Your assignment. Copy out only the lines running from the one that contains "Homestay được thiết" through the end of the listing. Pictures stay out.

Entries supplied.
________________

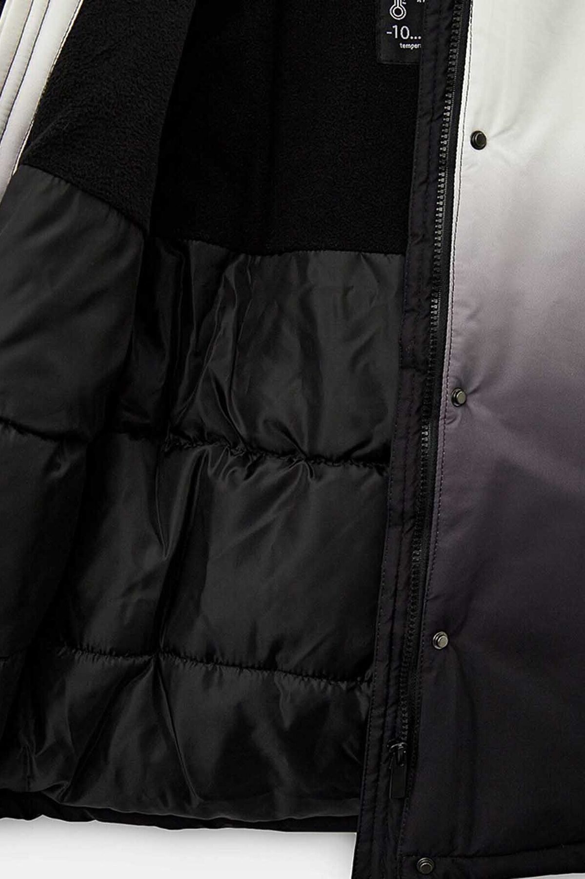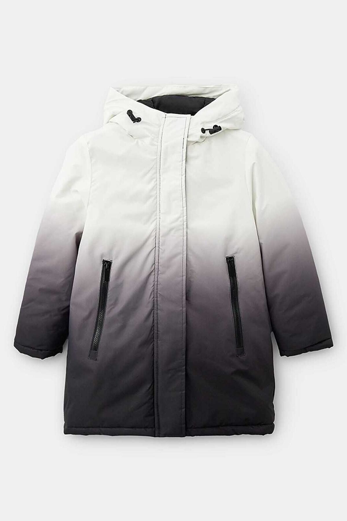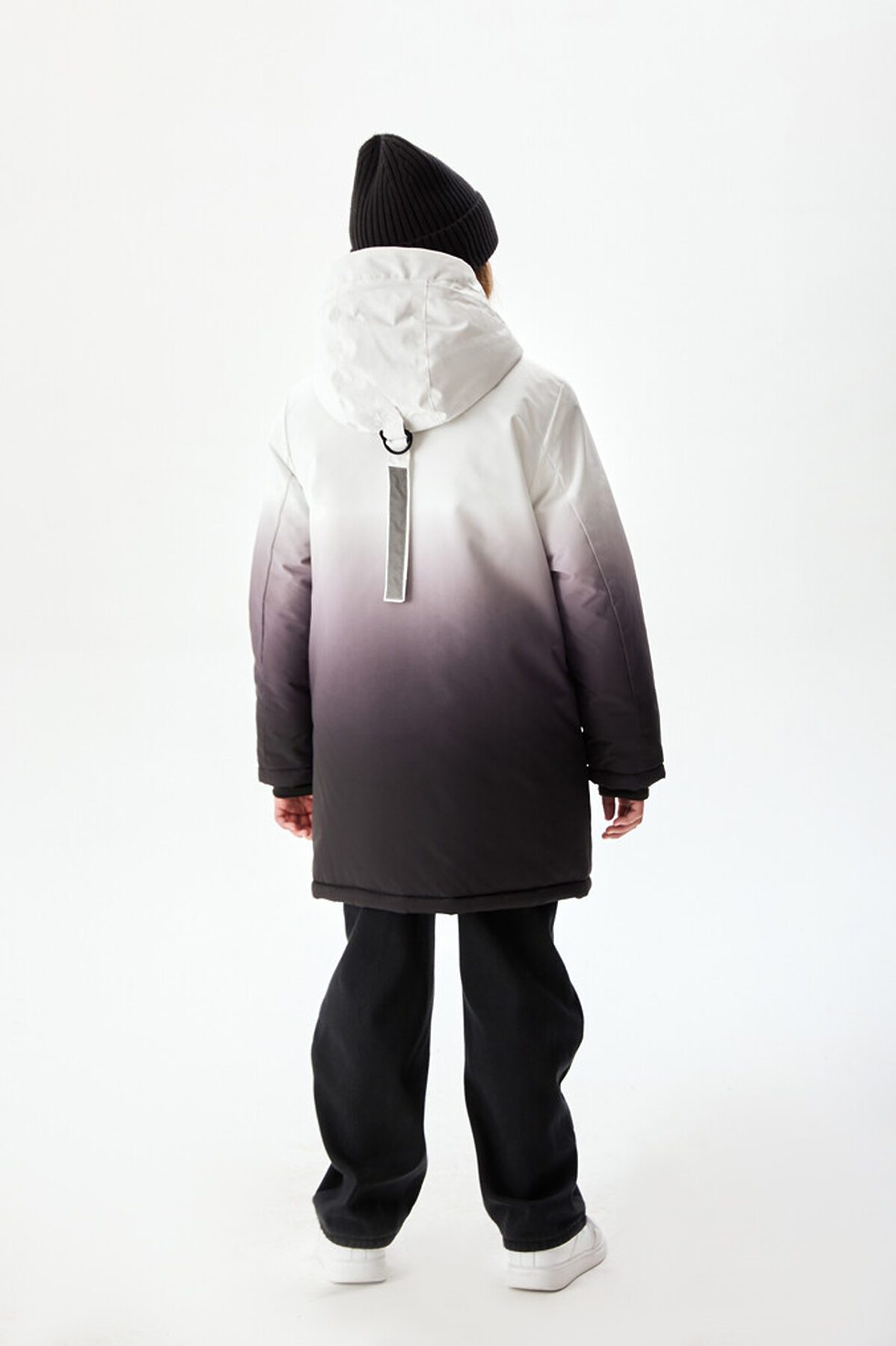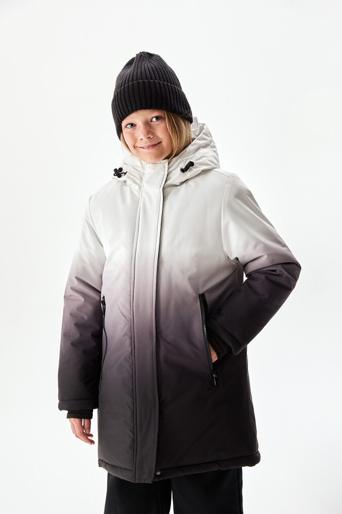 Зимняя куртка для девочки прямого кроя на молнии. Покрытие водонепроницаемое. Манжета с прочной внешней поверхностью и мягким внутренним слоем, препятствует образованию катышек, лямки с внутренней стороны куртки. С внутренней стороны полочки и спинки наполовину флисовая подкладка. Дополнена капюшоном с утяжкой для лучшей защиты от ветра. Карманы на молниях. Модель в градиентной расцветке. Надежная фурнитура: прочные застежки и молнии обеспечивают долгий срок службы. Утеплитель пластовой синтепон к основной ткани 50 гр/м2, био-пух к подкладке 250 гр/м2. Рекомендованный температурный режим: -10/-30 градусов. Куртка представлена в бело-черном цвете. Размерный ряд 128 – 170 см.
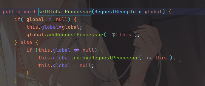 跟进AbstractProcessor类发现有Request以及Response,而且这两个都是final类型,也就是说其在赋值之后,对于对象的引用是不会改变的,那么我们只要能够获取到这个Http11Processor就肯定可以拿到Request和Response 因为不是静态变量因此要向上溯源,继续翻阅调用栈,在AbstractProtcol内部类ConnectionHandler的register方法在处理的时候就将当前的Processor的信息存储在了global中
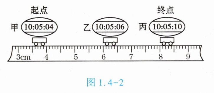 3. (★)如图1.4 - 2是某实验小组做“测量平均速度”实验的情景,显示时间的数字钟的时间格式是“时:分:秒”,则小车从起点到终点经过的路程为____cm,经历的时间为____s。
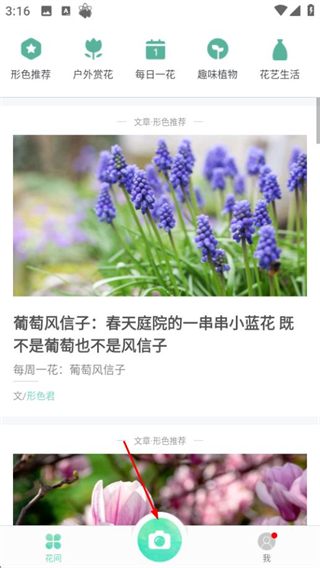1、在形色首頁,點(diǎn)擊底部相機(jī)圖標(biāo),進(jìn)入拍攝或圖片選擇頁面。
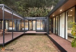 Homestay được thiết kế theo hình dáng chữ U, lưng tựa vào núi và mặt tiền hướng ra khung cảnh thiên nhiên rộng lớn. Với mục tiêu phục vụ nội bộ công ty và khả năng kinh doanh homestay trong tương lai, công trình được bố trí đầy đủ công năng hiện đại và tiện nghi.
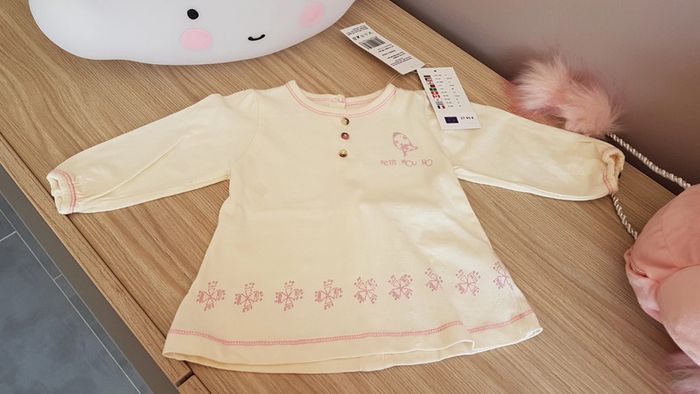 Robe neuve avec étiquette. J'ai vu 2 tâches malgré qu'elle soit neuve avec étiquette voir les 2 dernières photo... Je n osé pas la laver.. D ou le petit prix
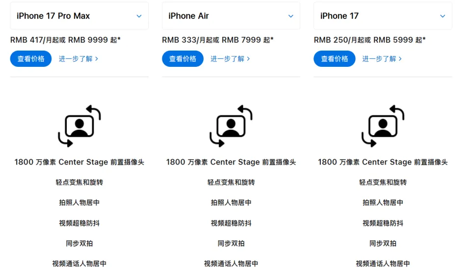 这次iPhone 17做了一点改变,整个系列的前置摄像头都升级到1800万像素,并且是正方形的传感器,取景范围要更大一些,自拍可以容纳更多人了,并且支持人物居中。

________________

Result of this exercise.
 Homestay được thiết kế theo hình dáng chữ U, lưng tựa vào núi và mặt tiền hướng ra khung cảnh thiên nhiên rộng lớn. Với mục tiêu phục vụ nội bộ công ty và khả năng kinh doanh homestay trong tương lai, công trình được bố trí đầy đủ công năng hiện đại và tiện nghi.
 Robe neuve avec étiquette. J'ai vu 2 tâches malgré qu'elle soit neuve avec étiquette voir les 2 dernières photo... Je n osé pas la laver.. D ou le petit prix
 这次iPhone 17做了一点改变,整个系列的前置摄像头都升级到1800万像素,并且是正方形的传感器,取景范围要更大一些,自拍可以容纳更多人了,并且支持人物居中。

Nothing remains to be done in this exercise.